Thomas estaba anonadado. Le costaba asimilar las consecuencias de esta revelación.

—La sociedad se siente en deuda con los deportistas —continuó Ivan—. Si se duda de ellos, se duda del país. Si hablas de dopaje, no solo cuestionas su integridad moral, sino la legitimidad de las victorias. Mientras se iza la bandera, el poder la mira con satisfacción y los espectadores sacan pecho sin hacerse preguntas.

—¿Por qué diste la paliza a mi compañera si la mafia no tenía nada que ver con el caso?

—Me detuvisteis. Quien me jode, se arrepiente. La elección fue solo por azar.

—Y ¿qué sucede con las chicas muertas?

—No va a pasar nada. Eran mayores de edad. Sabían lo que hacían, eran conscientes de los riesgos y eligieron la gloria.

—¿Por qué matasteis al farmacéutico?

—Sí, ya me he enterado. Era cuestión de tiempo. Tenía pruebas que podían relacionar las muertes con el dopaje. Tengo que reconocer que en eso los ayudé. Me pidieron a alguien de confianza que realizara el trabajo. Les di algún nombre. Ya sabes, hay que estar a buenas con los poderosos. Aunque matar no es una palabra que me entusiasme, yo prefiero decir que interrumpieron su vida. —Ivan sonrió para sí mismo.

Thomas tenía el cuerpo encorvado, con la mirada fija en el suelo. Observaba con aparente interés un punto fijo situado entre sus zapatos.

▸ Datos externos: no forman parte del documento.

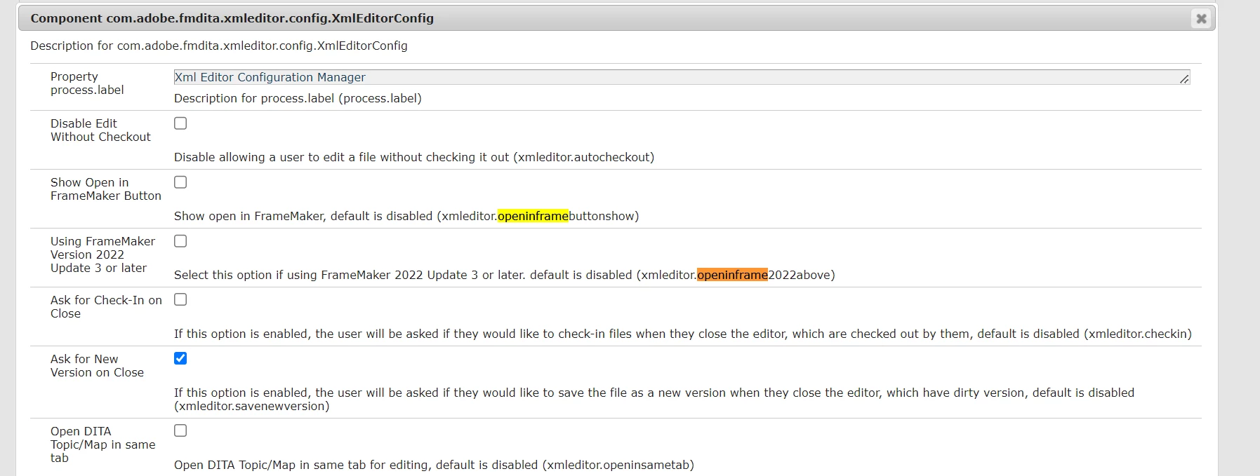 Open in FrameMaker" option exists when a a dita asset is check marked. We don't want that option to be enabled, so we have unchecked this option in configMgr. I have also tried cycling the setting on my instance but it has no impact on the behavior. Do we have any other workaround to get this option disable while marked on dita assets. Including that AEM Guides version has also been updated to 4.6.0. Thanks in advance!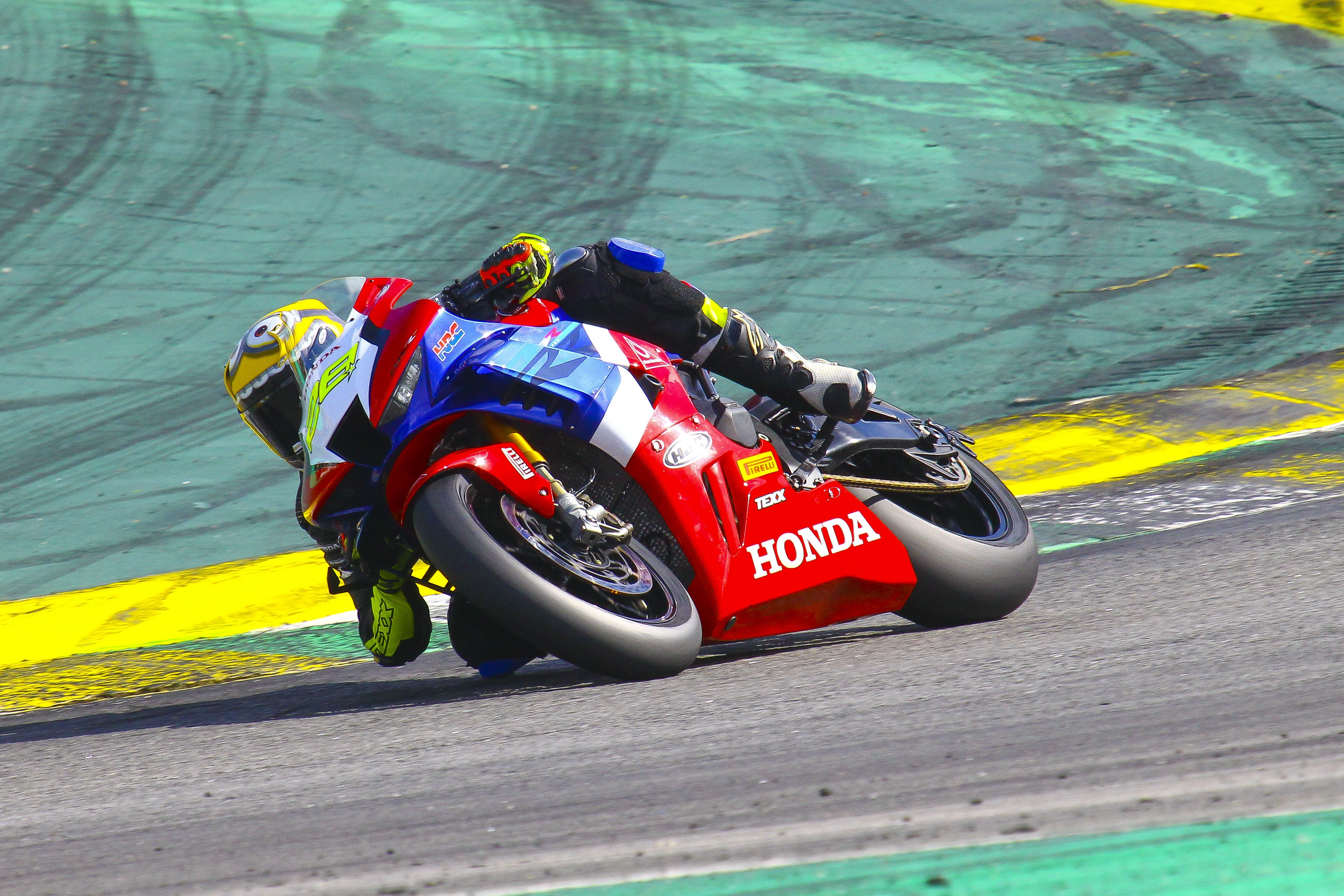 Embalado pela estreia da CBR 1000RR-R Fireblade SP com vitória na segunda etapa, Pedro Sampaio voltou à Interlagos bastante focado e com a moto bem acertada. Ele foi o mais rápido na SuperPole, largou na frente e liderou a corrida da SuperBike Pro. “Vinha na primeira colocação, mas um problema me fez perder o ritmo. É uma pena, mas eu estarei pronto para a próxima”, avisa o gaúcho Sampaio, atual campeão da categoria.

—Y ¿los que dopaban a las chicas? ¿Qué ha pasado con ellos? —preguntó con voz trémula sin alzar la vista.

—La red suiza se ha desplazado a otro lugar, ya no opera allí. Los que quedan lo hacen de manera individual, poca cosa, algún médico, unos cuantos deportistas, algún mánager, como Frank Stone… Por cierto, pronto se le va a acabar su idílica vida.

—Lo conozco.

—No solo va a dejar de tener el monopolio de futuras estrellas atléticas, sino que su proveedor de morfina, coca y putas, Serguei, está detenido. —Ivan bajó la voz llegando al nivel de un susurro. Con sorna añadió—: Alguien lo ha delatado. Uno no se puede fiar de nadie.

De pronto Thomas se acordó de un nombre.

—Dame también a Hugo Keller. Sabes que es basura como tú, pero vestido de esmoquin.

—No seas ridículo. ¿Tú sabes la pasta que maneja esa familia? —preguntó con desprecio mientras trataba de incorporarse para aliviar su dolor—. El heredero al trono de la multinacional Poche ya está al corriente de esta redada y su historial intachable quedará impoluto. Además, si lo llaman a declarar, dirá que solo conoce a Frank por ser compañeros de golf y, que yo sepa, no es delito practicar un deporte. Aunque no te negaré que a veces me dan ganas de partirle el palito de golf en la cabeza a ese niñato prepotente. —De pronto, alzó la voz—: Creo que ya hemos terminado.

Thomas no quería soltar a aquel tipo. Le costaba creer que no hubiera nada más. Deseaba golpear su cara de niño engreído hasta dejársela como la de un viejo. Pero poco podía hacer. George cumpliría su trato, y él, muy a su pesar, tenía la solución del caso.

—Dentro de una hora, tu abuela volverá de la peluquería. Uno de nuestros agentes la ha acompañado. Fue fácil engañarla —dijo Thomas.

—Mataré a mis hombres. Tengo tres personas las veinticuatro horas para protegerla.

—Me parece bien, se lo merecen. Son unos incompetentes.

—No vuelvas a cruzarte en mi camino. Por esta vez estamos en paz.

—No te prometo nada —dijo Thomas, y salió de aquella habitación sin ventanas.